Expected :<src.fixed_point.FixedPoint object at 0x106acc260>
Actual :None
Right. The implied parent, fixed, was not set into the wheel. We are here to implement that.
class Linkage:
def __init__(self):
self._elements = dict()
self._previous = None
def add(self, component, parent=None):
if parent is None:
parent = self._previous
le = self.Element(component, parent)
self._elements[component] = le
self._previous = component
That passes. We can do that a bit more idiomatically, I think, but let’s commit this: two tests working.
Now:
def add(self, component, parent=None):
le = self.Element(component, parent or self._previous)
self._elements[component] = le
self._previous = component
Tests run.
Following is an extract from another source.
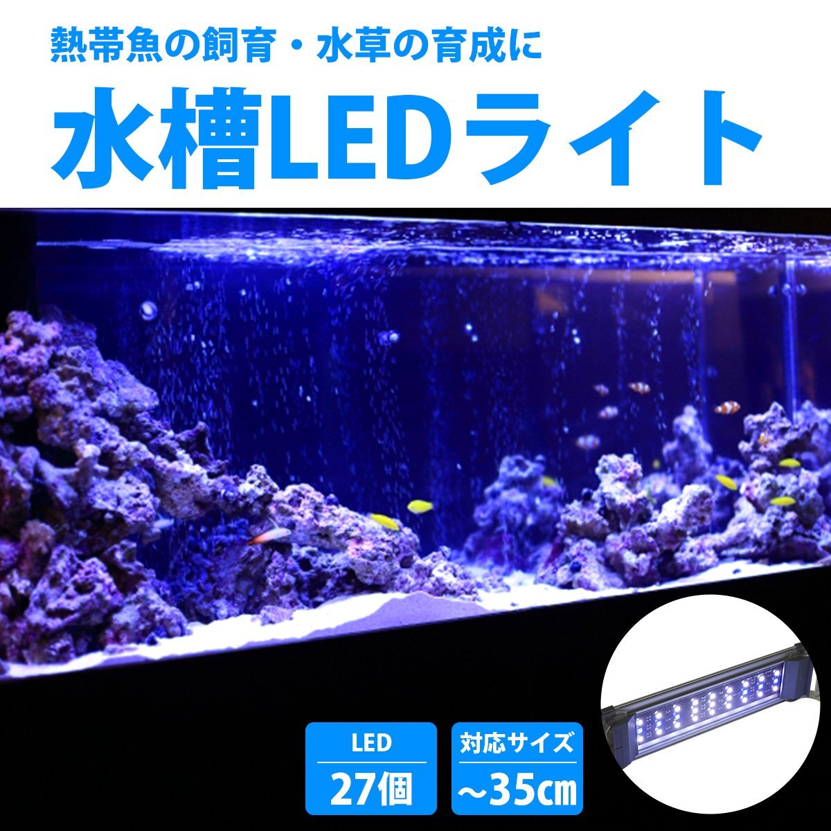 【送料無料】30cm-35cm 水槽用 照明 LED ライト ブルー×ホワイト 青/白 シルバー枠 アクアリウム ライト LED 照明 水槽 サンゴ 熱帯魚

Commit: tidying.
We have another test to write, causing us to return the component for reuse.
def test_component_returned(self):
linkage = Linkage()
fixed = FixedPoint(position=vector(2,11))
returned = linkage.add(fixed)
assert returned == fixed
Test fails, as we return None. Fix:
def add(self, component, parent=None):
le = self.Element(component, parent or self._previous)
self._elements[component] = le
self._previous = component
return component
Green. Commit: add returns component.
I think what I’ll do now is just use the new facilities in the tk main that displays a linkage. It starts like this:
radius = 1
tilt_angle = 45
lead_angle = 15
rod_length = 5
piston_length = 2
components = Linkage()
base = vector(6, 3)
fixed_point = FixedPoint(base)
components.add(fixed_point, None)
wheel = Wheel()
components.add(wheel, fixed_point)
crank = Crank(radius=radius, lead_degrees=lead_angle)
components.add(crank, wheel)
con_rod = ConRod(length=rod_length, piston_angle=tilt_angle)
components.add(con_rod,crank)
piston = Piston(length=piston_length, angle=tilt_angle)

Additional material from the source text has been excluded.